• Task to complete: Print the data once more, exactly as given. Drop the pictures.

• Supplied material:
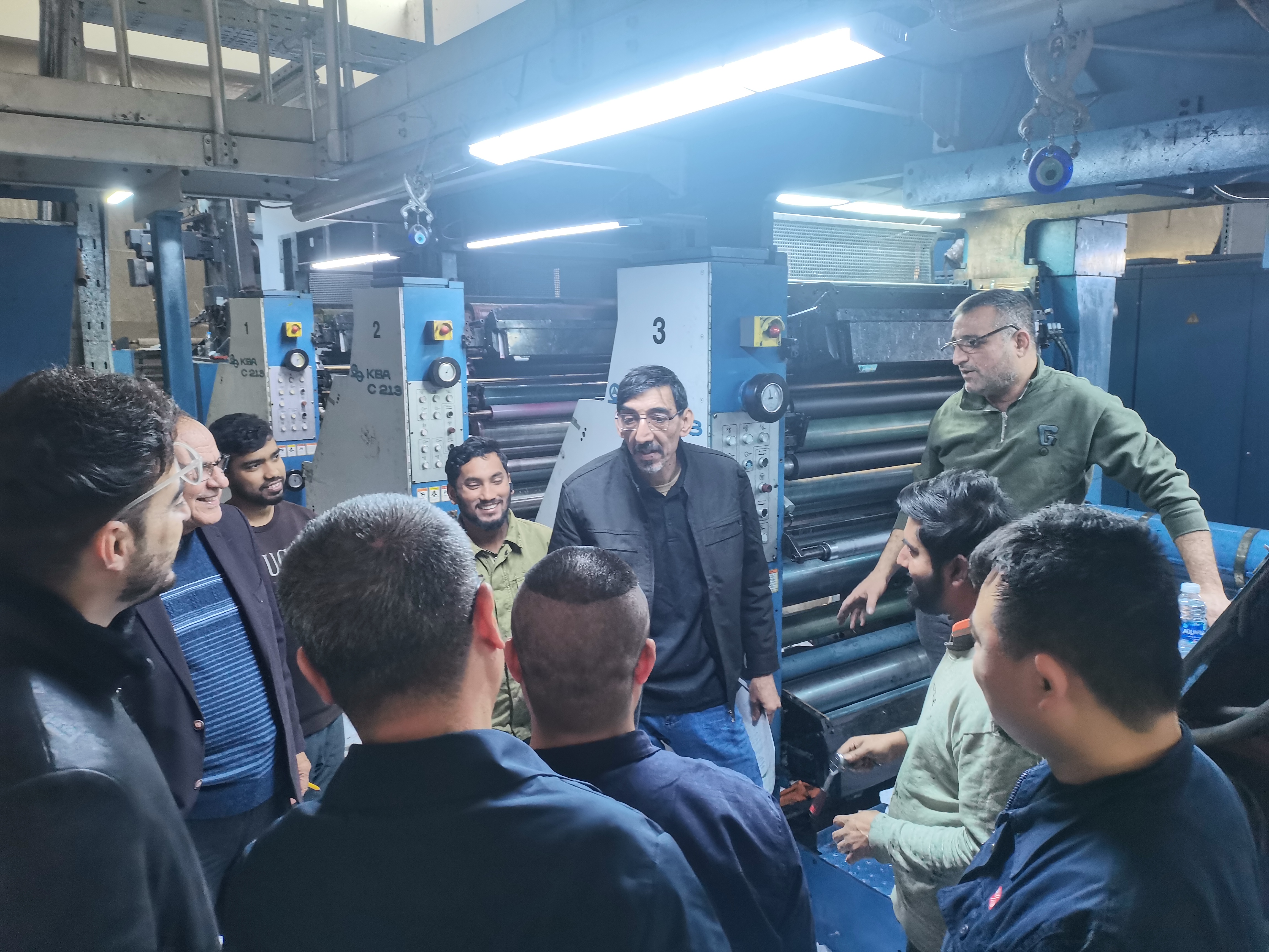 油墨的清香与机器的轰鸣交织,与厂区外尚未完全修复的围墙形成强烈反差。厂长Seeyed热情相迎,指着墙上泛黄的老照片感慨:“上世纪八十年代,这里曾是中东最先进的教材印刷厂之一,一本本教科书从这里发出,送往全国每一所学校。”然而,2003年后的战乱让一切戛然而止,设备损毁、技术断层,近百万儿童因缺乏教材被迫失学。尽管战后人们抢救性保留了部分设备,也添置了一些零散的辅助及单双色印刷设备,但陈旧的设施与落后的技术,终究让工厂难以维系,迫切需要专业的技术支持与深度合作。
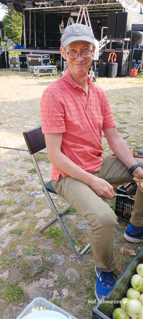 Nach meinem Frühstück gehe ich so gegen 12:00 Uhr auf den Festplatz. So lande ich wieder bei den GemüseputzernInnen. Die Küchenverantwortlichen haben über Nacht entschieden, dass das gestern vorbereitete Gemüse wohl nicht ausreichend für die zwei Tage ist. Heute wird die Arbeit schon mal auch mit Probeessen versüßt.
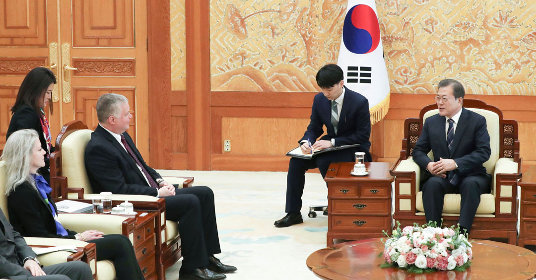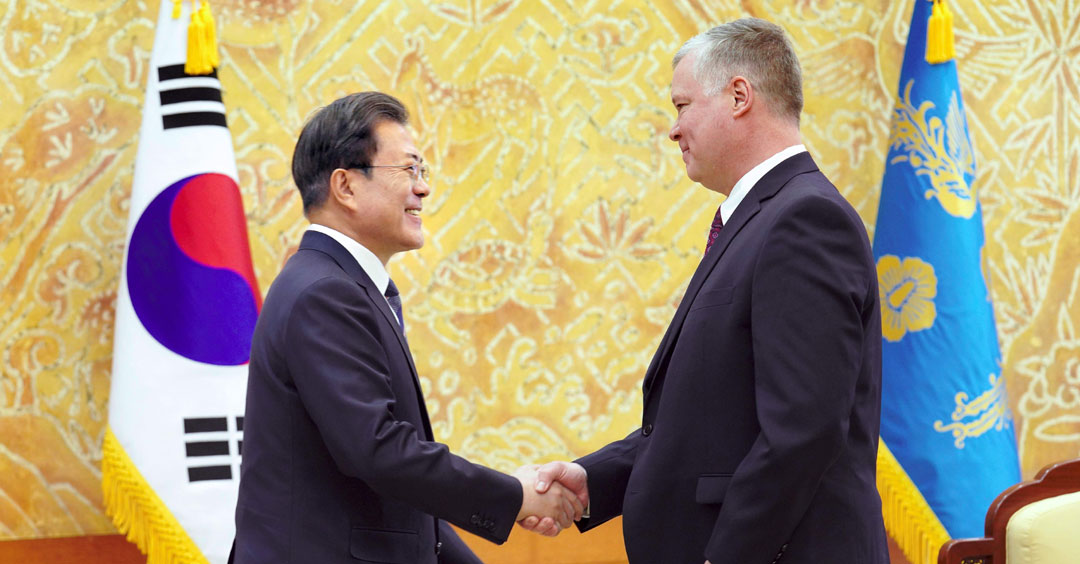 文在寅(左)与访韩的美国朝鲜政策特别代表比甘互相握手。(法新社照片)

• Solved problem:
 油墨的清香与机器的轰鸣交织,与厂区外尚未完全修复的围墙形成强烈反差。厂长Seeyed热情相迎,指着墙上泛黄的老照片感慨:“上世纪八十年代,这里曾是中东最先进的教材印刷厂之一,一本本教科书从这里发出,送往全国每一所学校。”然而,2003年后的战乱让一切戛然而止,设备损毁、技术断层,近百万儿童因缺乏教材被迫失学。尽管战后人们抢救性保留了部分设备,也添置了一些零散的辅助及单双色印刷设备,但陈旧的设施与落后的技术,终究让工厂难以维系,迫切需要专业的技术支持与深度合作。
 Nach meinem Frühstück gehe ich so gegen 12:00 Uhr auf den Festplatz. So lande ich wieder bei den GemüseputzernInnen. Die Küchenverantwortlichen haben über Nacht entschieden, dass das gestern vorbereitete Gemüse wohl nicht ausreichend für die zwei Tage ist. Heute wird die Arbeit schon mal auch mit Probeessen versüßt.
 文在寅(左)与访韩的美国朝鲜政策特别代表比甘互相握手。(法新社照片)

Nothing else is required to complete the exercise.